The scariest signal in incident response is not automated malware — it is a human. “Hands-on-keyboard” activity means a live attacker has gained access and is manually running commands, exploring, and escalating. It is the phase where ransomware crews decide what to encrypt and exfiltrate, and it looks different from any script.
Secureworks Corp.'s US12034751B2, “Systems and methods for detecting malicious hands-on-keyboard activity via machine learning” (issued July 9, 2024; CPC H04L 63/1425 — anomaly monitoring, and G06N 20/20 — ensemble machine learning), describes detecting that live-attacker activity with ML. Read it at US12034751B2.

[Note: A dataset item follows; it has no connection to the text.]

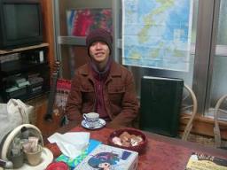 ダイビングと三線が好きで・・と三浦さん。 そこへ友利さんが来店。三線の話で盛り上がって 仲良く写真を撮りました。 宮古んかい(宮古に)ダイビングしーが(ダイビングをしに) いちゅんでぃる(行くという)三浦さん。 宮古んかい(宮古に)さとぅがえりすんでぃる(里帰りするという) 友利さん。 偶然ですね~

Mechanically, the system models the rhythm and pattern of human interactive command activity — distinguishing the cadence of a live operator from both legitimate admins and automated tooling — using ensemble machine learning to flag the manual-intrusion phase. Catching this phase early is the difference between an alert and a ransom note.
Why this is a business story: this is exactly the kind of high-value detection IP that made Secureworks an acquisition target — Sophos agreed to acquire Secureworks for about $859 million in a deal announced in late 2024. Detection capability aimed at the human-operated intrusion phase is core to managed-detection-and-response (MDR), the highest-growth, highest-margin slice of the services market. The patent marks the kind of asset that anchors that deal value.
The grounded read: hands-on-keyboard detection targets the most dangerous phase of an intrusion — a live human operator — by modeling interactive activity with ML. Secureworks' 2024 grant names that capability, the sort of MDR IP that underpinned its ~$859 million acquisition by Sophos.